“I think he and Rattlesnake Annie were instrumental in keeping them from damming the Brazos, between PK and Granbury [lakes],” said Lela Abernathy, a journalist, poet and fifth-generation Palo Pinto County resident.
“He’s a good writer; he says a lot with few words,” she added. “He’s my favorite Texas author and his narratives were written from scholarly, historical and naturalist points of view – and he was well-versed in all three fields.”
“Some of my family are featured in ‘Goodbye to a River,’” she said, citing the story of her relative, Jodie Corbin, who was with Jesse Veale when Veale was killed by Native Americans. “He has made the history of the county and some of my ancestors come alive.”
For Mineral Wells resident and recent award-winning writer Gerald Warfield, Graves is synonymous with other well-known naturalist writers that helped define regions of the United States.
“For me, there are writers that are identified with different parts of the country – John Muir [for California’s Sierra Nevada mountains] and Henry Beston, who painted beautiful word pictures of Cape Cod – but this was our man,” he said. “This was our representative for the natural wonders of this part of the country to the rest of the world.”

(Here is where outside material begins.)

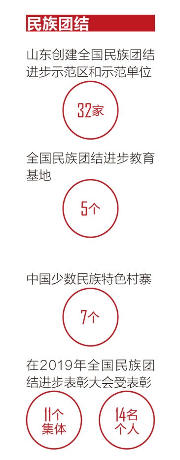 在全國率先啟動民族團(tuán)結(jié)進(jìn)步和美家庭、示范崗位評選工作,營造爭先創(chuàng)優(yōu)氛圍。連續(xù)21年開展民族團(tuán)結(jié)進(jìn)步宣傳月活動,成為民族團(tuán)結(jié)進(jìn)步宣傳教育的特色品牌。實(shí)施城市民族工作“十有”示范社區(qū)建設(shè),開展城市民族工作“紅石榴”品牌創(chuàng)建活動,青島市、煙臺市、濟(jì)南市歷下區(qū)先后被國家民委確定為全國少數(shù)民族流動人口服務(wù)管理示范城市。截至目前,山東創(chuàng)建全國民族團(tuán)結(jié)進(jìn)步示范區(qū)和示范單位32家、全國民族團(tuán)結(jié)進(jìn)步教育基地5個、中國少數(shù)民族特色村寨7個,在2019年全國民族團(tuán)結(jié)進(jìn)步表彰大會上有11個集體和14名個人受到表彰。
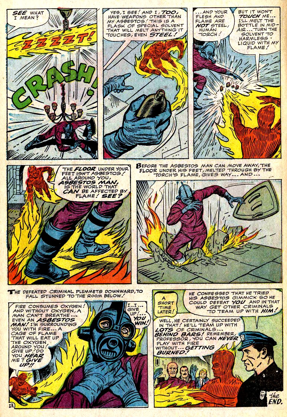 nell’ ultimo episodio di questo albo La Torcia Umana di nuovo solo soletto o quasi è opposto all’incauto Uomo d’Amianto che poi qualche decennio dopo è inevitabilmente morto di tumore ai polmoni, da cui del resto non aveva avuto scampo nemmeno il suo equivalente femminile Victoria Murdock alias Asbestos Lady che aveva rivaleggiato anni prima con la vecchia torcia a petrolio Jim Hammond ed il suo compare Toro

“He was the guy who represented us beautifully,” added Warfield, explaining that parts of Texas are “kind of sparse at times and Graves painted the best of this area. The way that he represented the Brazos watershed, he really lifted that out as the jewel of this part of the country.”
Joyce Rochelle is the owner of Rochelle’s Canoe Rental, on the Brazos River, a business started by her late husband Harlan’s grandparents in the 1920s. Although she never met Graves, she recalled Graves “came by here several times and visited with our grandparents, while writing [‘Goodbye to a River’].”